Limitations & Future Work

  • Dependency on document graph quality: Ablation shows that if document embeddings fail to capture similarity structures, RGS fails along with the baselines; it assumes the "document cluster structure" is a reliable backbone.
  • Reranker ceiling: Error analysis admits final accuracy is limited by the reranker's preference misalignment with ground truth. More budget cannot fix an answer that was "found but not selected."
  • Complexity sensitivity to \(L\): Reranker calls scale roughly as \(O(L^2/w)\). As the search list length \(L\) increases, costs grow quadratically, necessitating hyperparameter tuning of \(L\) relative to budget.
  • Gap in theoretical guarantees: Greedy graph search lacks worst-case guarantees, and the bi-metric accuracy guarantee relies on the assumption that vector similarity approximates reranker scores, which might not strictly hold in reasoning tasks.
  • vs. GAR / RAR / SlideGAR: These explore graph frontiers to bypass sequential bottlenecks but were mostly validated on classic TREC and (in SlideGAR's case) pick frontier subsets based on vector similarity.
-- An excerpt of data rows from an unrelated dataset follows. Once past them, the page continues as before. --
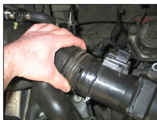
Fig. # 3
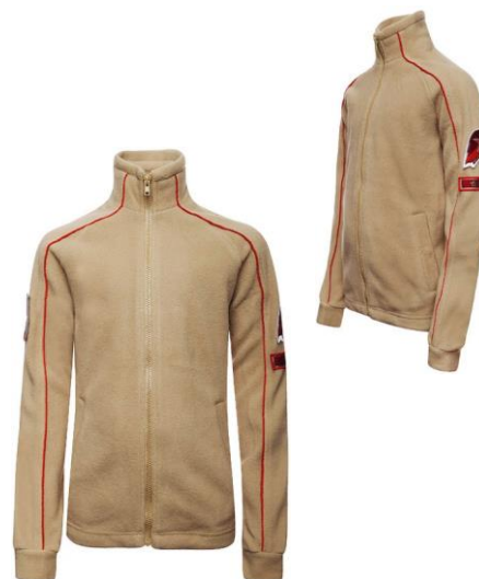
Жакет флисовый бежевого цвета
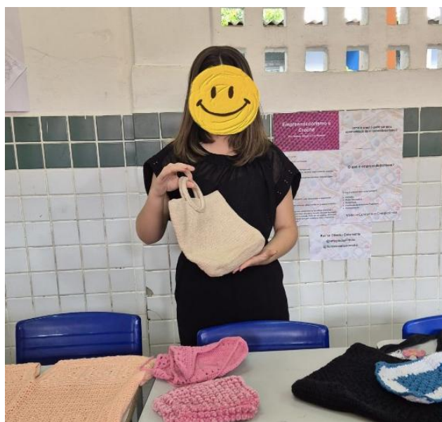
Figura 4: Culminância da Eletiva

Na penúltima semana os estudantes se organizaram para culminância da eletiva, fizeram produção de cartazes e escolheram algumas peças que iriam ser expostas. Na vigésima semana foi realizada a culminância da eletiva na escola, com a participação da comunidade escolar e das famílias. Os estudantes puderam expor as peças produzidas por eles (Figura 4):
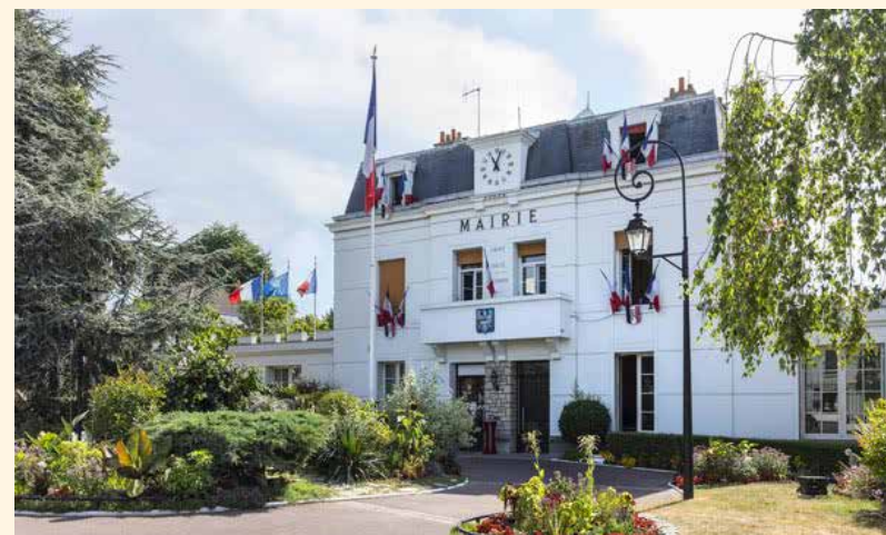
Mairie de Neuilly-Plaisance

Paris et les grands pôles d'emplois comme Marne-la-Vallée sont accessibles rapidement par les autoroutes A86, A3 et A4 ou par le RER A qui rejoint la station "Châtelet" en 15 minutes*. Bientôt la gare "Val de Fontenay" (RER E et A) accueillera la ligne 15 du Grand Paris Express et le terminus de la ligne 1 du métro. Des lignes de bus et des pistes cyclables permettent de sillonner la ville et les communes voisines.
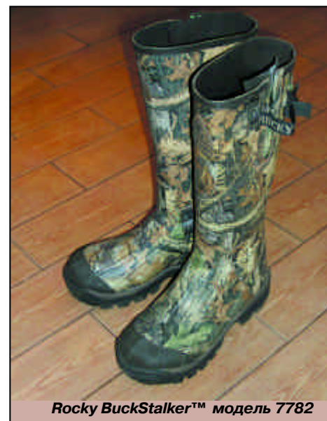
Rocky BuckStalker™ модель 7782

(CamLok), работающий по принципу "крокодильчика" от подтяжек.
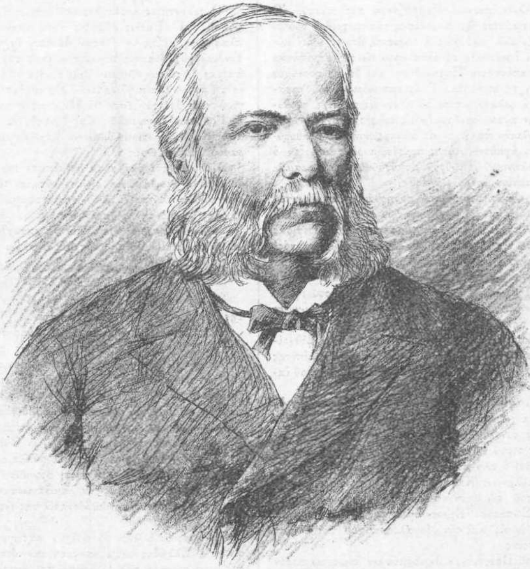
ΧΑΡΑΛΑΜΠΟΣ ΤΥΠΑΛΛΟΣ ΠΡΕΤΕΝΤΕΡΗΣ

Δεινὴν καὶ ἀνεπανόρθωτον ἀπώλειαν ὑπέστη ὁ ἐπιστημονικὸς κόσμος τῆς Ἑλλάδος κατὰ τὰς τελευταίας ἡμέρας τοῦ λήξαντος ἔτους. Ὁ πρύτανις τῶν παρ' ἡμῖν κλινικῶν, ὁ ἐπιφανὴς καθηγητὴς τοῦ Πανεπιστημίου καὶ ἀρχίατρος τῆς βασιλικῆς οἰκογενείας Χαράλαμπος Τ. Πρετεντέρης ἀπέβιωσε τὴν νύκτα τῆς 29 πρὸς τὴν 30 Δεκεμβρίου ἐκ τοῦ κατατρώχοντος αὐτὸν πρὸ καιροῦ καρδιακοῦ νοσήματος.
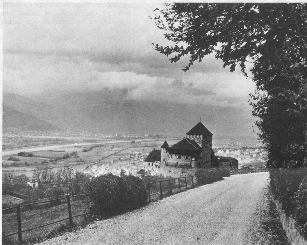
Résidence des souverains du Liechtenstein : le Château de Vaduz
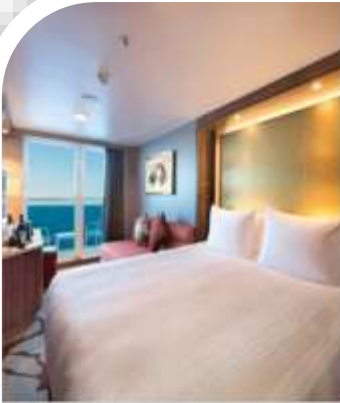
Oceanview Stateroom with Balcony
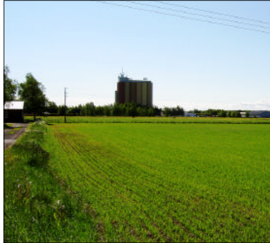
Silon i Brålanda.

Förändring inom området med bebyggelse eller anläggningar som minskar dess värde för framtida användning enligt ovan bör inte medges.
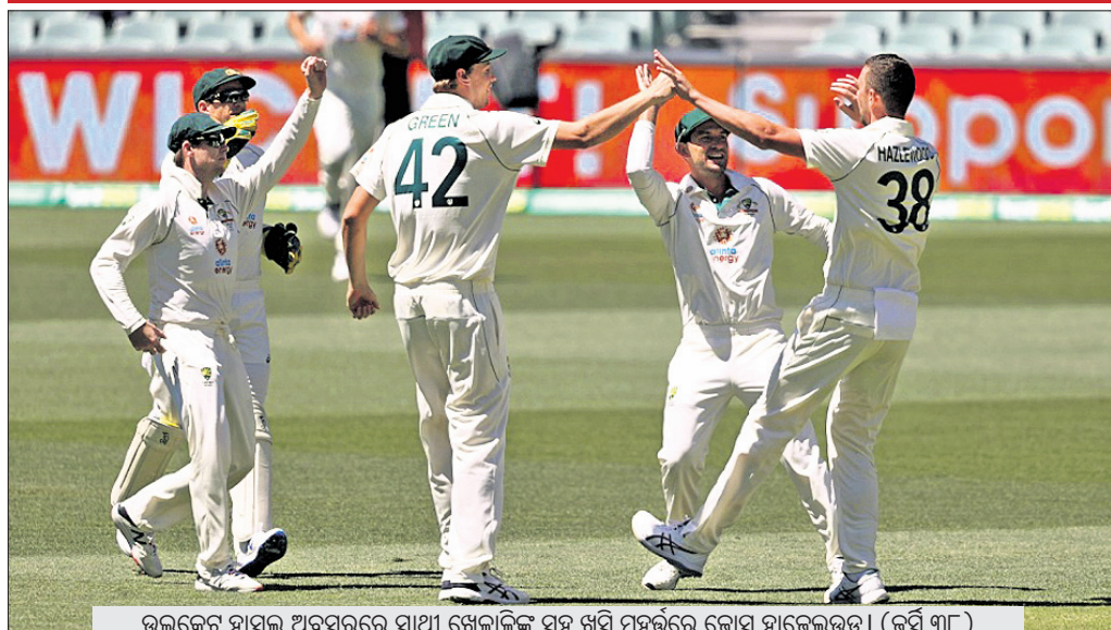
ଉଇକେଟ ହାସଲ କରିବା ପାଇଁ ଷ୍ଟୋର ସହ ଖୁସି ପୁଝୁରେ ଗୋଲ୍ ହାଜିରା କରିବା (କପ୍ ଶାଫ୍)
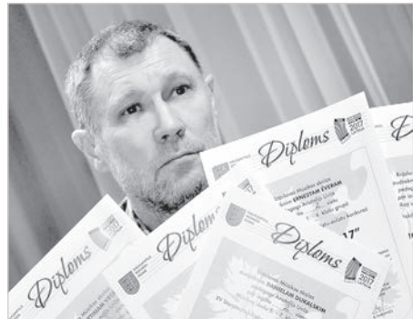
Пять дипломов международного конкурса «Naujēne 2017».
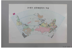
거꾸로 보는 세계 지도
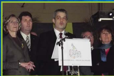
Retour sur la cérémonie des vœux du maire en page 3.
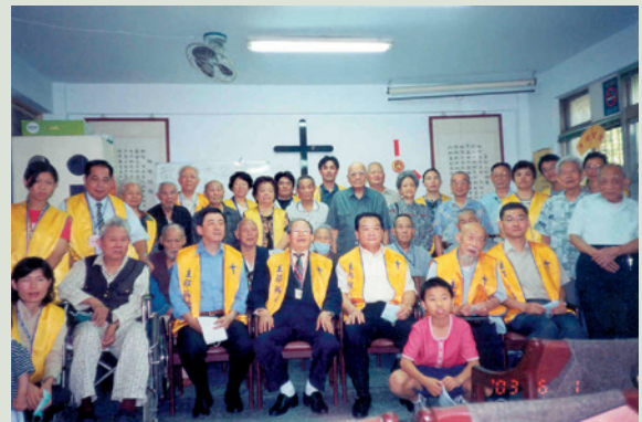
秦主任（前排右3）與榮民基督教友聚會活動。
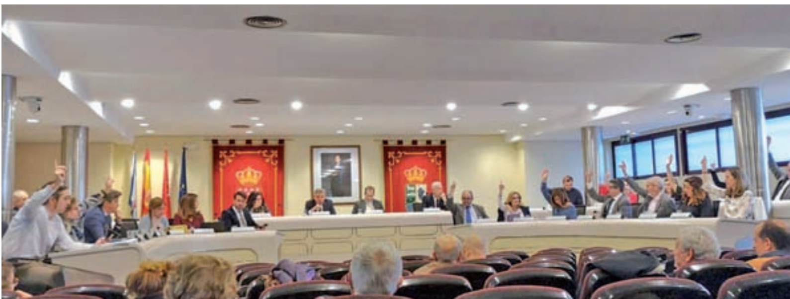
El Pleno Extraordinario
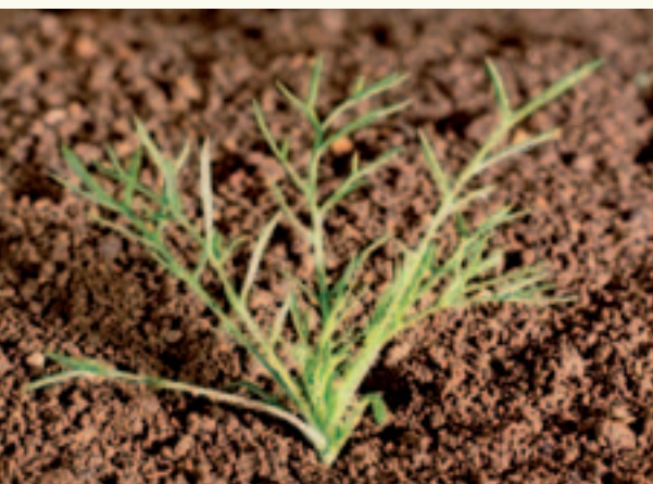
Kamille is in dit stadium moeilijk te bestrijden.

Het beste bestrijdingsmoment van onkruiden is als ze net boven de grond staan. In ieder geval mogen ze niet verder dan het kiemlobstadium zijn. In veel gevallen blijft dan met het 'gewone' lagedoseringensysteem (LDS), bijvoorbeeld 0,5 fenmedifam + 0,5 metamitron + 0,5 ethofumesaat + 0,5 olie, zonder toevoegingen van andere middelen, het perceel onkruidvrij. Zijn de onkruiden het kiemlobstadium ontgroeid, dan moet de dosering van de middelen met 50% omhoog van 0,5 naar 0,75 liter of kg per hectare. Sommige breedbladige onkruiden
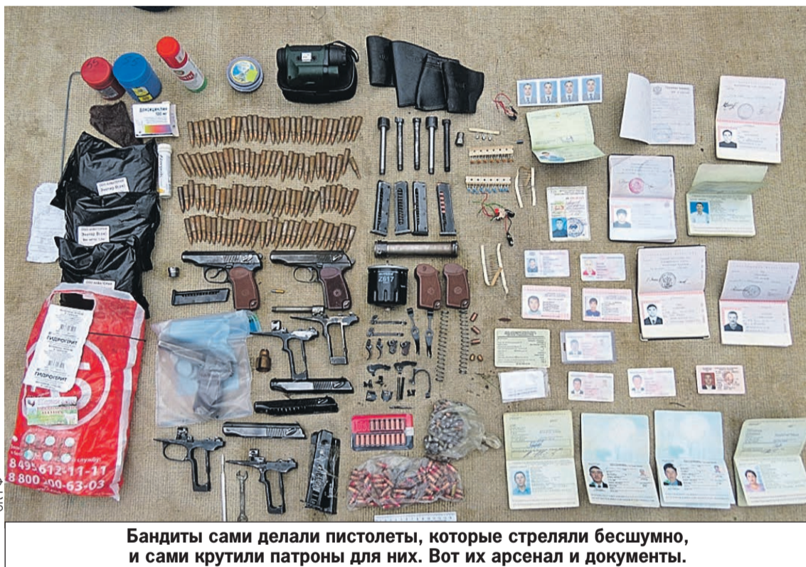
Бандиты сами делали пистолеты, которые стреляли бесшумно, и сами крутили патроны для них. Вот их арсенал и документы.

RGS maintains a full reranker-sorted list to simulate standard beam search, yielding larger gains on complex modern retrieval tasks (BRIGHT/M-BEIR).
  • vs. Retrieve-and-Rerank (Sequential): Both use the same embedding+reranker pair, but RR freezes a top-k set, capping accuracy by first-stage recall. RGS allows the candidate set to grow dynamically, reaching correct documents positioned very late in embedding rankings.
  • vs. Graph ANN (DiskANN/HNSW): RGS reuses DiskANN's proximity graph as a backbone but switches the search metric from "vector inner product" to "reranker score," representing a practical application of the bi-metric framework (Xu et al. 2024) in the reranking context.

Rating

  • Novelty: ⭐⭐⭐⭐⭐ Adapting beam search for reranker task selection is a novel and logical extension of graph ANN concepts.
  • Experimental Thoroughness: ⭐⭐⭐⭐ Solid across three benchmarks with multiple embeddings/rerankers and perturbation analysis, though sampling 100 queries for M-BEIR is a minor limitation.
  • Writing Quality: ⭐⭐⭐⭐⭐ Clear progression from motivation to method and analysis. The Figure 1 example and error analysis effectively explain the mechanism.
  • Value: ⭐⭐⭐⭐ Provides stable improvements under fixed reranker budgets, offering direct utility for reasoning-intensive retrieval and LLM reranker deployment.